- _WORK REQUIRED_
Every line that contains the word "with" should be copied from the records below.

- _DATA SHOWN_
══════════════════════════════

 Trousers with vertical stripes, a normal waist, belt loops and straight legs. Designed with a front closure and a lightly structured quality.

══════════════════════════════

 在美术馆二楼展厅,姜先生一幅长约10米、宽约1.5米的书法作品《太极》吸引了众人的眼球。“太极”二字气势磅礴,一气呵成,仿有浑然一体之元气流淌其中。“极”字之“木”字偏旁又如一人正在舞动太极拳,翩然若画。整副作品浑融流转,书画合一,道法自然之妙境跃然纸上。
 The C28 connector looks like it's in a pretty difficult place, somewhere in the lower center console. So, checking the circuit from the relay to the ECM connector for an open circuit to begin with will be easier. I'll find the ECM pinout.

══════════════════════════════

- _EXPECTED ANSWER_
 Trousers with vertical stripes, a normal waist, belt loops and straight legs. Designed with a front closure and a lightly structured quality.
 The C28 connector looks like it's in a pretty difficult place, somewhere in the lower center console. So, checking the circuit from the relay to the ECM connector for an open circuit to begin with will be easier. I'll find the ECM pinout.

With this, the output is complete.